Published: 2016-05-13

Total Pages: 306

ISBN-13: 1317158652

DOWNLOAD EBOOK →

Over the course of the nineteenth century, women in Britain participated in diverse and prolific forms of artistic labour. As they created objects and commodities that blurred the boundaries between domestic and fine art production, they crafted subjectivities for themselves as creative workers. By bringing together work by scholars of literature, painting, music, craft and the plastic arts, this collection argues that the constructed and contested nature of the female artistic professional was a notable aspect of debates about aesthetic value and the impact of industrial technologies.
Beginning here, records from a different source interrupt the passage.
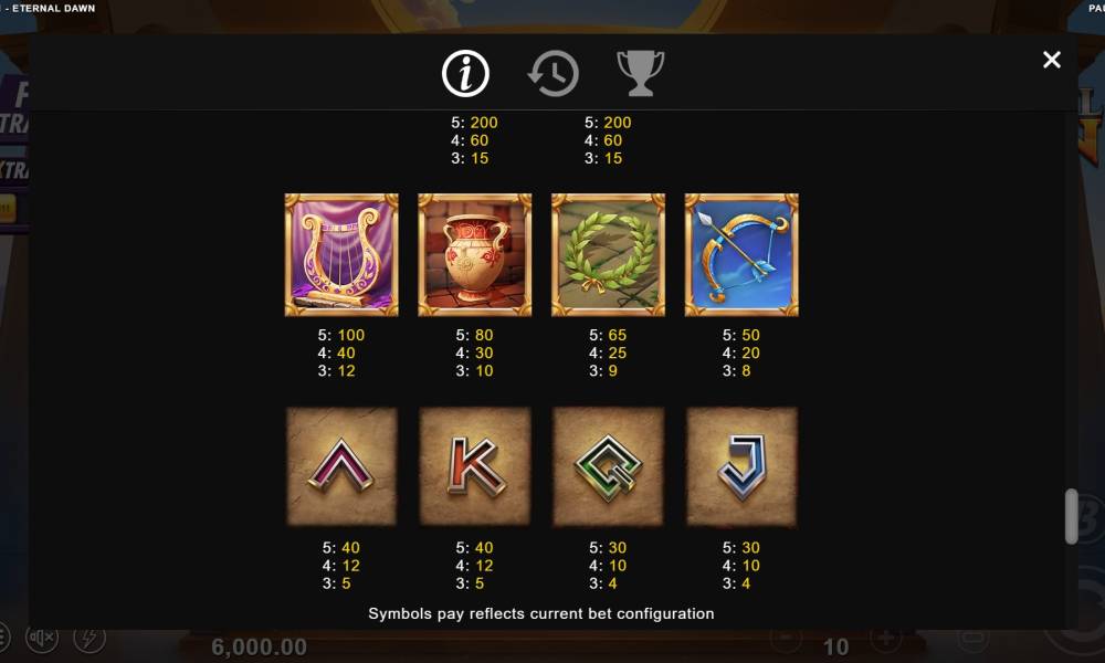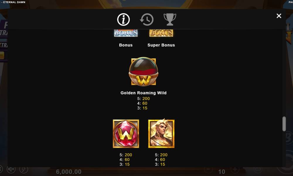 Игровое поле в слоте Eternal Dawn состоит из 5 барабанов, высотой в 4 ячейки. Никаких расширений не предусмотрено. На нем действует 30 фиксированных линий для составления комбинаций. Для выигрыша необходимо расположение минимум трех знаков подряд слева направо, либо с использованием джокера. Ставка устанавливается игроком, который выбирает из значений от 0.1 до 60 евро. Этого вполне достаточно при максимальном выигрыше в х6000. Волатильность немногим выше средней, соответственно и риски умеренные. В обычном игровом режиме действует лишь один бонус — Wild drop. Всего слот способен выставить 9 рядовых и 4 специальных символа.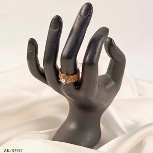 Handcrafted 22k gold plated ring studded with amethyst and pearl.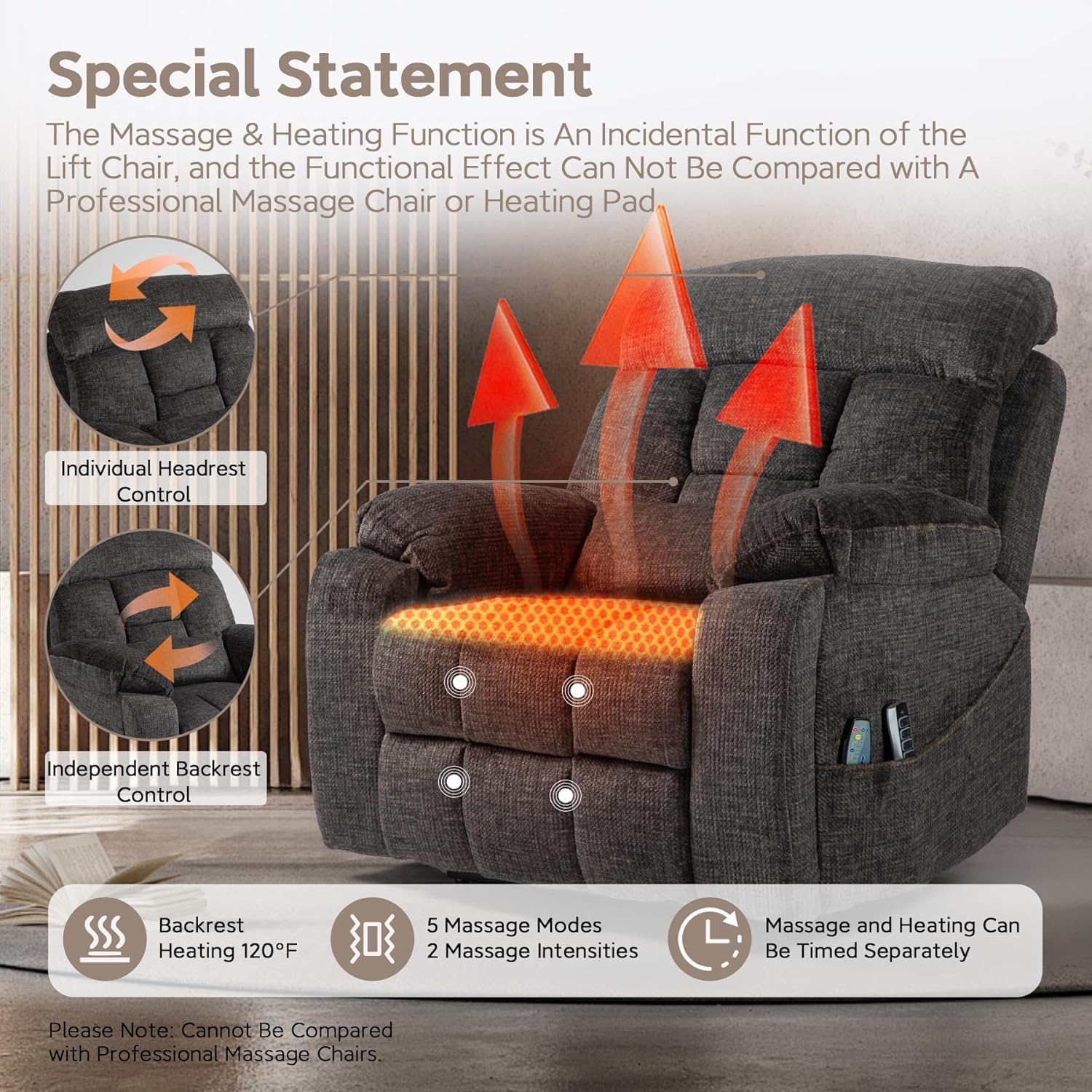 - 【Vibration Heating Massage】This power recliner chair has four massage points (thighs, legs), three adjustable modes, three vibration intensity options, and three massage durations. You can choose the desired massage area, intensity, mode, and time to eliminate body fatigue. The seats position of the power recliner also includes a heating function; the surface temperature is maintained at 113℉-140℉, which promotes blood circulation and relaxes the whole body.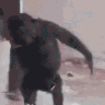 A person in a dark outfit, resembling a monkey, dances energetically in a snowy environment.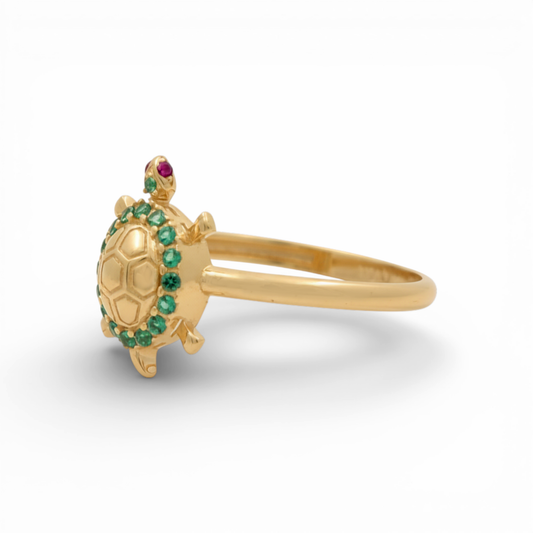 10K Yellow Gold Turtle Women's Ring with Cz / Size: 7.5 / Weight: 1.2 GR / DQWR0TG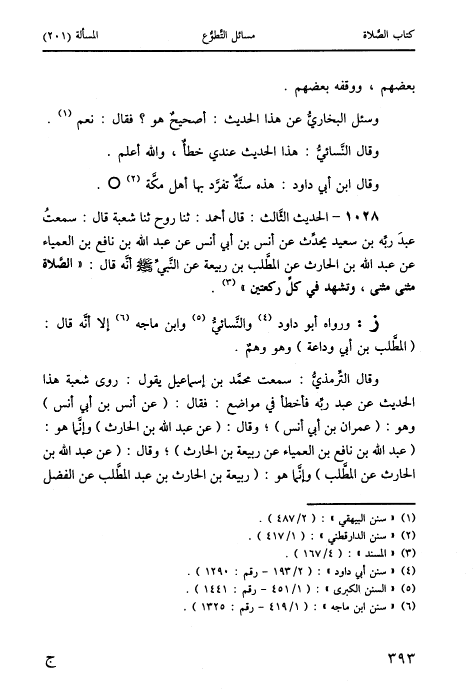 1028 - الحديث الثَّالث: قال أحمد: ثنا روح ثنا شعبة قال: سمعتُ عبدَ ربِّه بن سعيد يحدِّث عن أنس بن أبي أنس عن عبد الله بن نافع بن العمياء عن عبد الله بن الحارث عن المطَّلب بن ربيعة عن النَّبيِّ صَلَّى اللَّهُ عَلَيْهِ وَسَلَّمَ أَنَّه قال: " الصَّلاة مثنى مثنى، وتشهد في كلِّ ركعتين " (3).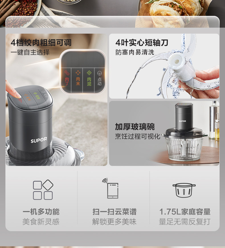 Supor Automatic Household Electric Meat Grinder Small Multifunctional Blender Adjustable Coarseness New Model Genuine Product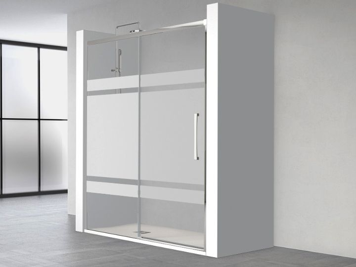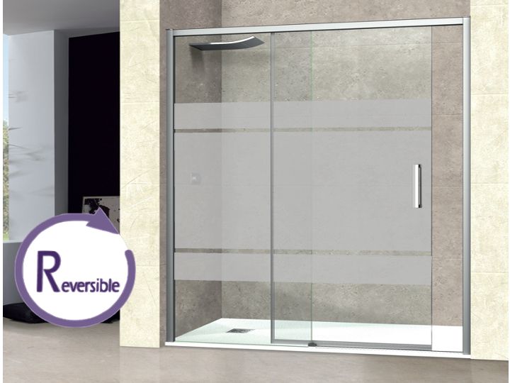 Doucheschuifdeur, montage in nis, bestaande uit een schuifdeur en een vast paneel, omkeerbaar.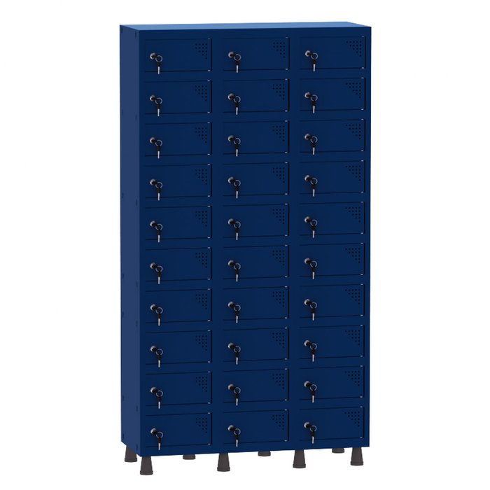 Armário Porta Objetos de Aço 3 Vãos 30 Portas Fechadura Pandin 1,90 m Azul Del ReyPRODUTO ENTREGUE DESMONTADO.FICHA TÉCNICAModelo: APOF 503/30.Medidas Externas (A x L x P): 193 cm x 103,5 cm x 40 cm.Medida Interna de cada compartimento(A x L x P): 18 cm x 34 cm x 39,5 cm.Sistema de fechamento por Fechadura. Sistema Pivotante de portas.Conforme normas NR17.COMPOSIÇÃOArmário de aço confeccionado em chapa 26 (0,45mm) totalmente montável. Dispensa a utilização de parafusos.Laterais, Retaguarda, Prateleiras e Portas confeccionadas em chapa 26 (0,45mm) .Base confeccionadas em chapa 24 (0.60mm).ACABAMENTO Acompanha kit pé regulável Pintura eletrostática a pó (tinta híbrida) na cor cinza cristal Pintura em esmalte sintético nas demais coresGARANTIA12 meses de garantia contra qualquer defeito de fabricação.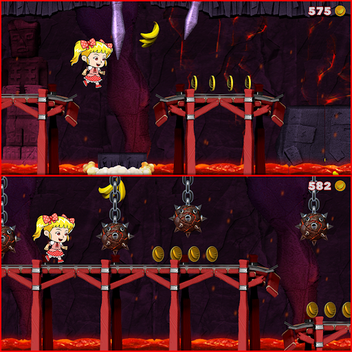 Story talks about a lovely little girl Nastya lived happy with his family.One day Nastya's family was kidnapped by wizard .Help beautiful baby girl Nastya rescue his family from the demons of the underworld in this jumping game adventure! Collect thousands of coins, wipe out countless enemies and utilize an assortment of wild acrobatic contraptions to reach the exit at the end of each level.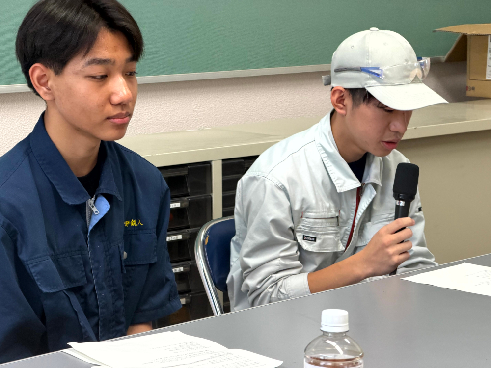 木材加工部門に出場した福島工業高校の菅野鋭人さん、電気工事部門に出場した中川昊之介さんの二人です。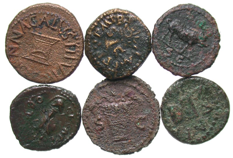 [Roman Imperial]. Lot of Six Quadrans. Augustus, Claudius, Nero, and Trajan. Average grade Fine.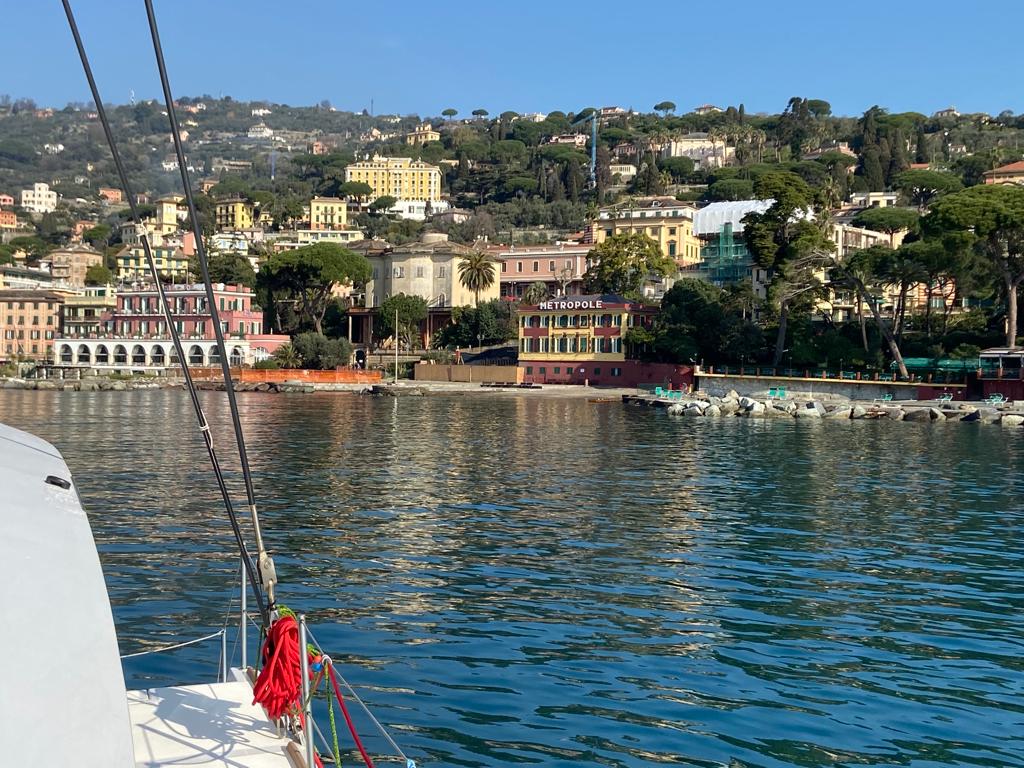 When we left Genoa, still at the time with the previous owners Marc and Claudia, we took 3 hours to sail to the bay of Santa Margherita in Portofino. The sea was slightly choppy and although we had blue skies the wind was cold as we sat up on deck. I decided to go get some more layers of clothing and that meant going down into the boat and that’s when I started to feel not just cold but sick! My usual golden rule of ‘no matter how fab the weather, if the sail is over 2 hours take a sea sick tablet’ had been forgotten in all the excitement of heading out for the first time on our own boat!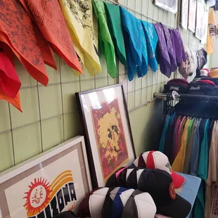 Many shirts, printed locally at Tanline Printing, featuring artwork from local artists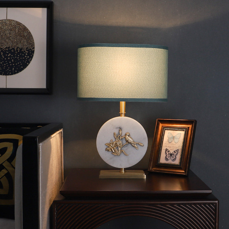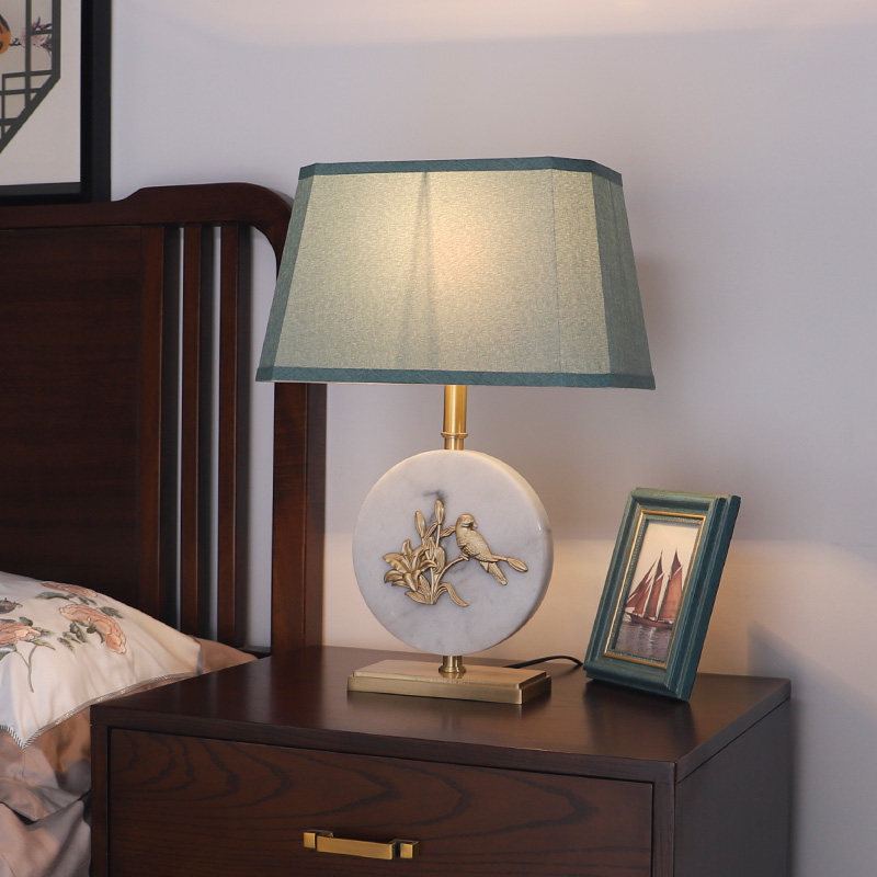 New Chinese-style all-copper table lamp bedroom bedside lamp retro living room dimming simple modern light luxury bird Zen table lamp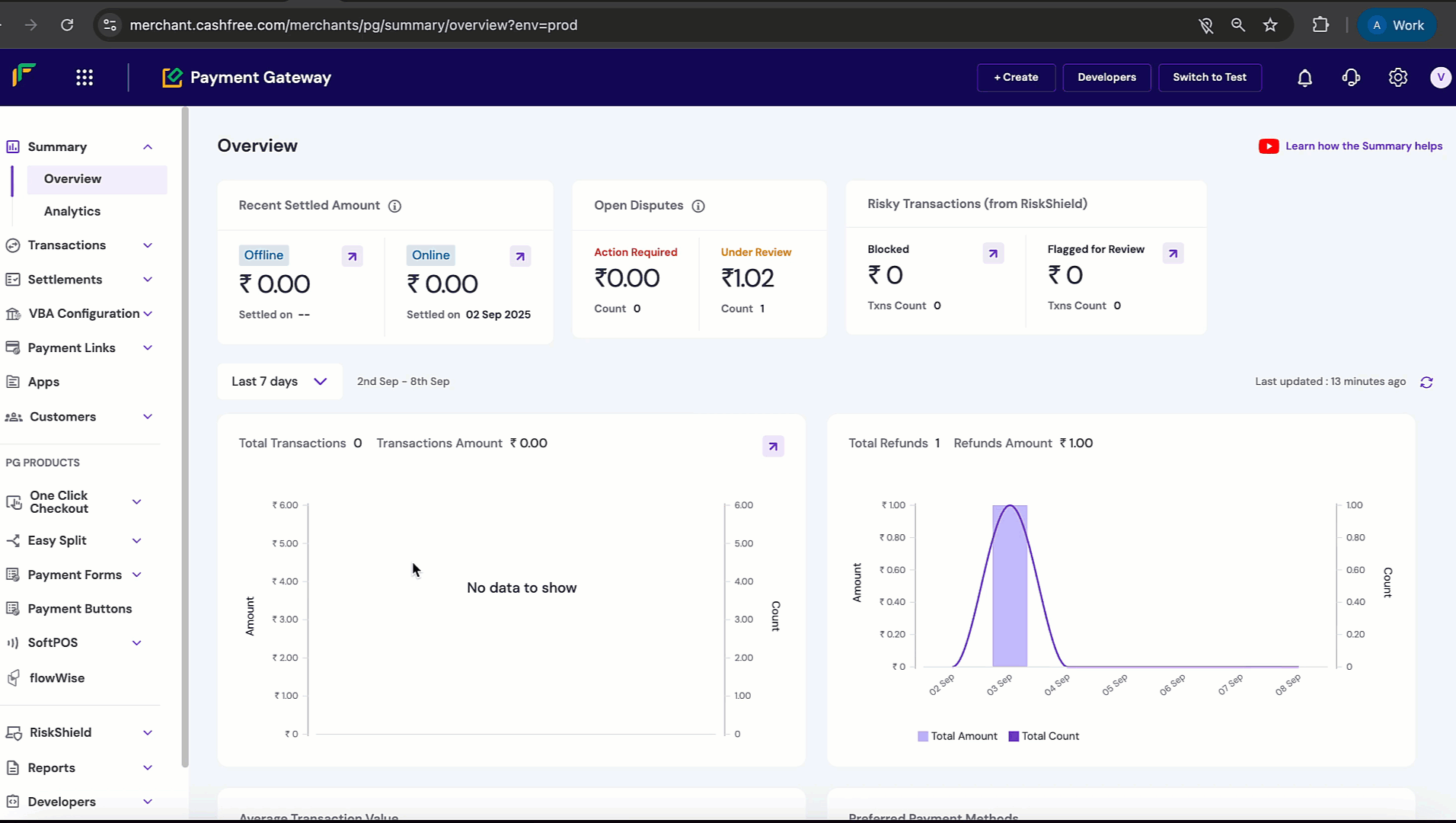 - Summary: Provides a summarized view of all the settlements received from Cashfree Payments for the selected time period. It includes details like total transaction amount, settlement amount, adjustments, UTR, settlement type, and charges.

All the essays in this volume set up a productive inter-art dialogue that complicates conventional binary divisions such as amateur and professional, public and private, artistry and industry in order to provide a more nuanced understanding of the relationship between gender, artistic labour and creativity in the period. Ultimately, how women faced the pragmatics of their own creative labour as they pursued vocations, trades and professions in the literary marketplace and related art-industries reveals the different ideological positions surrounding the transition of women from industrious amateurism to professional artistry.

The Experimentalists

The Experimentalists PDF

Author: Joseph Darlington

Publisher: Bloomsbury Publishing

Published: 2021-11-18

Total Pages: 272

ISBN-13: 1350244406

DOWNLOAD EBOOK →

The Experimentalists is a collective biography, capturing the life and times of the British experimental writers of the swinging 1960s. A decade of research, including as-yet unopened archives and interviews with the writers' colleagues, is brought together to produce a comprehensive history of this ill-starred group of renegade writers. Whether the bolshie B.S. Johnson, the globetrotting Ann Quin, the cerebral Christine Brooke-Rose, or the omnipresent Anthony Burgess, these writers each brought their own unique contributions to literature at a time uniquely open to their iconoclastic message. The journey connects historical moments from Bletchley Park, to Paris May '68, to terrorist groups of the 1970s. A tale of love, loss, friendship and a shared vision, this book is a fascinating insight into a bold, provocative and influential group of writers whose collective story has gone untold, until now.

Literature, Politics and Culture in Postwar Britain

Literature, Politics and Culture in Postwar Britain PDF

Author: Alan Sinfield

Publisher: Bloomsbury Publishing

Published: 2007-03-15

Total Pages: 436

ISBN-13: 1441179135

DOWNLOAD EBOOK →

Literature, Politics and Culture in Postwar Britain is a landmark work in contemporary literary and cultural analysis. It offers a provocative and brilliant account of political change since 1945 and how such change shaped the cultural output of our time. It also looks at how and when literature intersects with other cultural forms - including jazz and rock music, television, journalism, commercial and "mass" cultures - and the growth of American cultural dominance. This edition includes a new foreword by the author.

Assembling Flann O'Brien

Assembling Flann O'Brien PDF

Author: Maebh Long

Publisher: A&C Black

Published: 2014-01-02

Total Pages: 278

ISBN-13: 1441113355

DOWNLOAD EBOOK →

Flann O'Brien - also known as Brian O'Nolan or Myles na gCopaleen - is now widely recognised as one of the foremost of Ireland's modern authors. Assembling Flann O'Brien explores the author's innovative and experimental work by reading him in relation to some of the 20th century's most important theorists, including Derrida, Agamben, Freud, Lacan and Žižek. Assembling Flann O'Brien offers a detailed study of O'Brien's five major novels – including At Swim-Two-Birds and The Third Policeman – as well as his plays, short stories, journalistic output and unpublished archival material. The book presents new theoretical perspectives on his works, exploring his compelling engagements with questions of the proper name, the archive, law, and desire, and the problems of identity, language, sexuality and censorship which acutely troubled Ireland's new state. Combining a wide range of contemporary theory with a sensitivity to the cultural and political context in which the author wrote, Maebh Long opens up entirely new aspects of Flann O'Brien's writings, and explores the ingenious and the problematic within his oeuvre.